Dan Pink: The book makes the argument that the abilities that used to matter the most in work, the kind of left-brained abilities still matter but they matter less and a different set of abilities matters more: The right brain abilities. And those are abilities we haven't taken seriously enough this in country. If that's right—and I'm pretty convinced that it is—it calls into question how we're running schools, the nature of the curriculum. I think that librarians play a big role there, as educators, but also as more and more kids have to be able to navigate their own learning and have to be able to master certain kinds of tools and have to be able to master technology and research and a whole array of things. I remember my high school librarian, who was Mrs. Trendergast, who actually was your classic-looking librarian but she actually had a dark and subversive side. So she would actually smuggle books that were not perfectly the kinds that parents would want for kids. So I always admired her for that because she was doing this massive head fake and she looked like this nice old woman. But on the surface, she was actually peddling some very sophisticated ideas to kids.

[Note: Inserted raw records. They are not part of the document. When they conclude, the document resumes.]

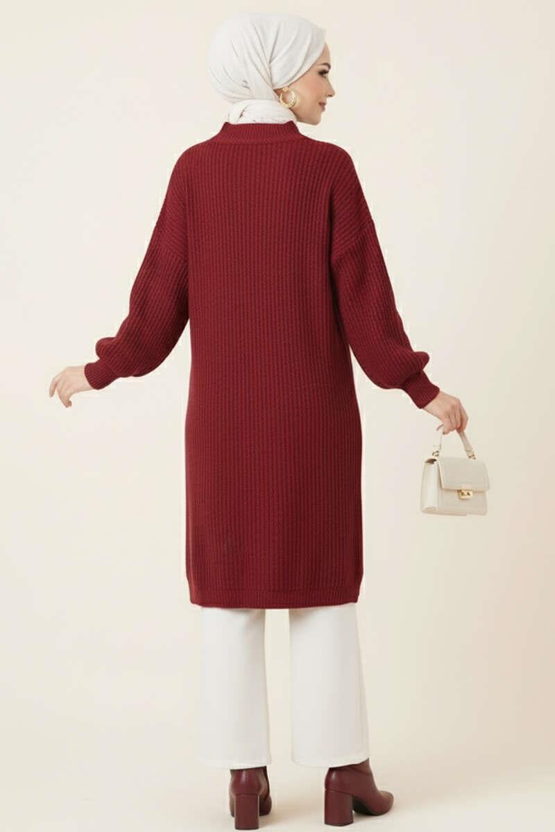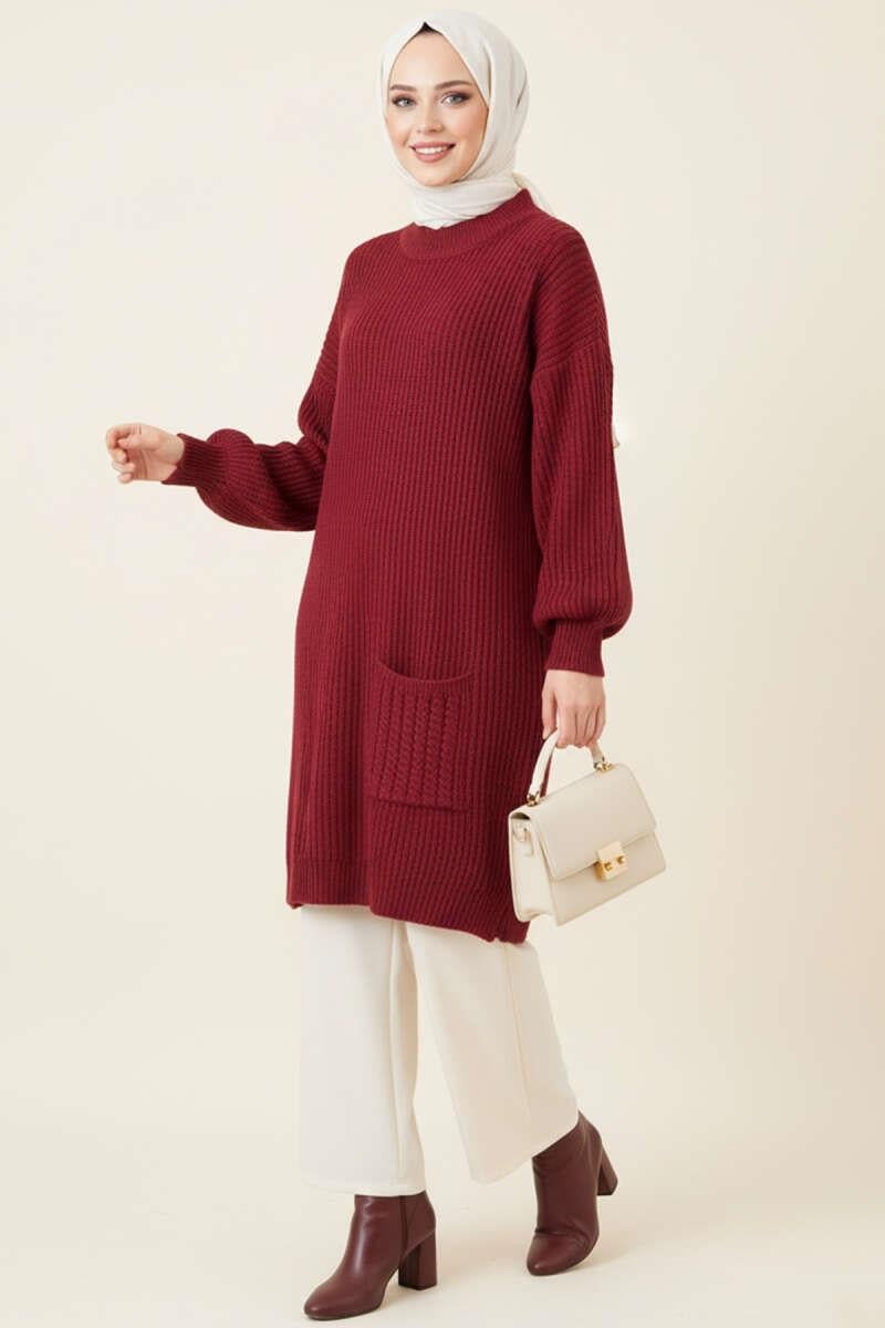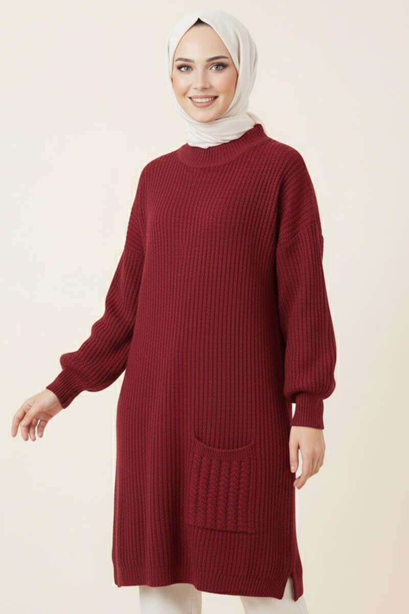 Single Pocket Knitted Long Knitwear Tunic Burgundy (0875-4307-683544)
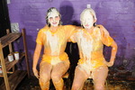 What follows is a lovely little session in which they both fill each other's outfits with cream and custard, before indulging in some fairly hard-impact flannage, really slamming some paper bowl custyard pies into each other's faces, butts, and elsewhere too.
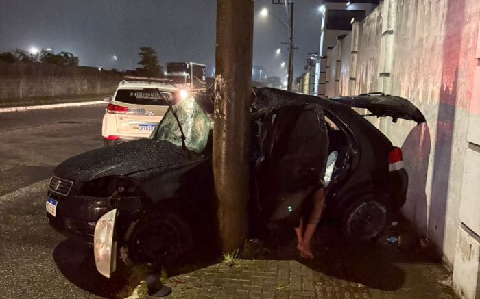 Um carro bateu contra um poste na madrugada desta terça-feira na rua Alfredo Eicke Junior, no bairro Barra do Rio, em Itajaí. O acidente deixou um garoto de 12 anos e um adulto feridos.
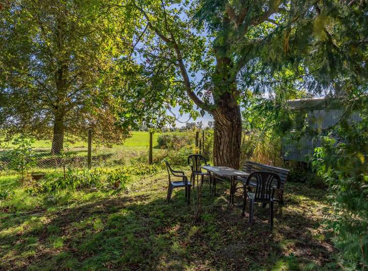 Der großzügige Garten bietet viel Raum für individuelle Gestaltung, ideal für Gartenliebhaber. Hinter den Nebengebäuden öffnet sich eine weitere Grünfläche, die sich perfekt für einen Selbstversorgergarten eignet. Am hinteren Ende des Grundstücks führt ein Gartentor direkt zum idyllischen, unbebauten Feld. Ideal für Spaziergänge, Gassirunden oder Joggingstrecken.
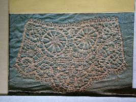 | Description / विवरण | It is a machine made lace made in Ceylon. The edges are straight and wavy lines in between these floral and mango shaped designed with fine net. |
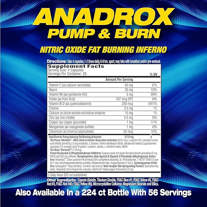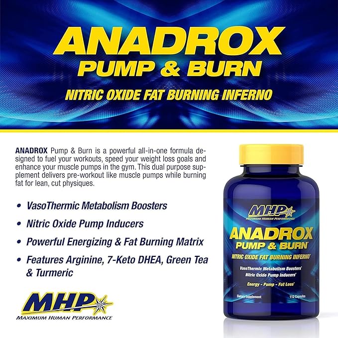 Mhp Anadrox Pump & Burn es un quemador de grasa diseñado para acelerar el metabolismo y promover la pérdida de peso. Contiene ingredientes termogénicos de origen natural. Presentación: 112 CAPSULAS.
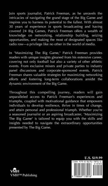Sports journalist, Patrick Freeman, unravels the intricacies of navigating the grand stage of the Big Game and inspires you to harness its potential to the fullest. With almost 30 years of experience in sports broadcasting and having covered 24 Big Games, Freeman offers a wealth of knowledge on networking, relationship building, seizing opportunities, and making the most of designated spaces like radio row-a privilege like no other in the world of media. In Maximizing The Big Game, Freeman provides readers with unique insights gleaned from his extensive career, covering not only the NFL but also a variety of other athletic events. From exclusive mixers and private parties to industry panel discussions and corporate-sponsored events, Freeman shares valuable strategies for maximizing networking efforts and fostering long-term collaborations amidst the dynamic environment of the Super Bowl. Throughout this compelling journey, readers will gain unparalleled access to Freeman's experiences and triumphs, coupled with motivational guidance that empowers individuals to develop resilience, thrive in times of change, and attain personal and professional triumph. Whether you're a seasoned journalist or an aspiring broadcaster, "Maximizing The Big Game" is tailored to equip you with the skills and insights needed to navigate the extraordinary opportunities presented by the Big Game.
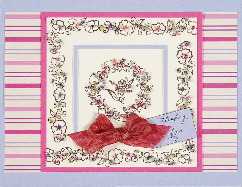 Cut a 4” ivory cardstock square and stamp the center with the floral wreath image. Stamp the floral border image around the outside edges as shown. Stamp the small floral motif centered inside the wreath. Mat on pink cardstock, leaving a 1/8” border. Glue centered over the striped paper on the card front. For the lavender frame, cut a 2 ½” lavender square. Cut a 2 ¼” lavender square and place it centered on the larger square. Trace around the smaller square with a pencil, then remove it and cut out the drawn square. Glue the resulting frame to the stamped ivory square, with the stamped wreath at the center of the frame.
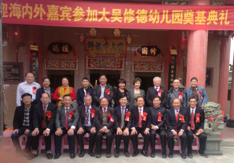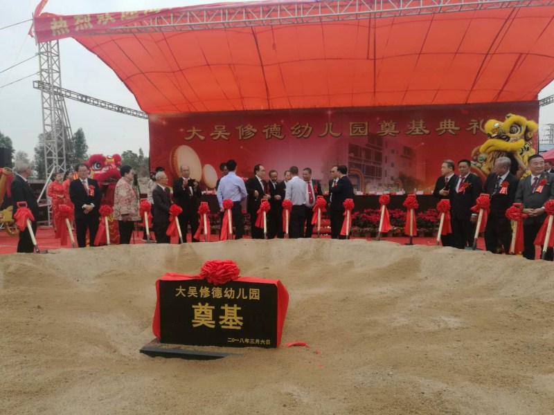 2018年3月6日,大吳修德幼兒園奠基典禮在廣東省潮州市潮安縣浮洋鎮(zhèn)大吳村隆重舉行,第二屆世界吳氏宗親總會主席、香港吳氏宗親會會長吳良民,第六屆世界吳氏宗親總會候任主席、福建廈門宗親會會長吳國榮,河南南陽吳氏文化研究會會長吳雷,廣東兩陸吳文化代會長吳遠(yuǎn)林、常務(wù)會長吳河西,潮汕地區(qū)吳氏宗親總會常務(wù)會長吳漢龍、秘書長吳彬宗長等人應(yīng)邀出席了活動。

AL: And you came out all right?

Dan Pink: So far.

Donna Mullen: Well, the project is designed for ninth graders. Each group of four or five get a bedsheet and a magic marker, they read the act outside of class, we spend two days discussing, they have to do a rough draft, and then they are allowed to put the rough draft on the bedsheet. Prior to that, we research in the library. They research weddings, hair design, the costumes.

AL: So how successful has this project been for the school?

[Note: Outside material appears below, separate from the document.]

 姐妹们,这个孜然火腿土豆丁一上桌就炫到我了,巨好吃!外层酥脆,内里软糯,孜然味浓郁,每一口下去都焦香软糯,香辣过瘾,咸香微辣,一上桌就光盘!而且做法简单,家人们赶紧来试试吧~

Donna Mullen: 100% successful. Students are not late to class.

Omar Wasow: So today I talked about how libraries—school libraries in particular—compete in the age of Google and Wikipedia and Amazon and Barnes & Noble. And the core themes I emphasized are one, that libraries really need to focus on the physical experience and how that can be better. If it is better, then students will be that much happier to study and reflect and work and collaborate in libraries. And then also focused on how libraries need to focus more on how they educate young people and really think about what would it look if every person in K-12 education was getting a library and information sciences training so that everybody had those skills, research, and other skills that allow you to tell truth from fiction so that they can succeed in the modern economy.

Sara Kelly Johns: I think that people are ready to go back and give back—give back in their local situation and then give back to AASL because we introduced our standards, we have next to totally rewrite our guidelines. And so much input into the standards they're going reflect on these and then as we develop our learning assessments and indicators, they're going to be able to give back. I think that because of AASL's Pushing Out Initiatives that with our digital conference available, that even the people who weren't here are going to get it.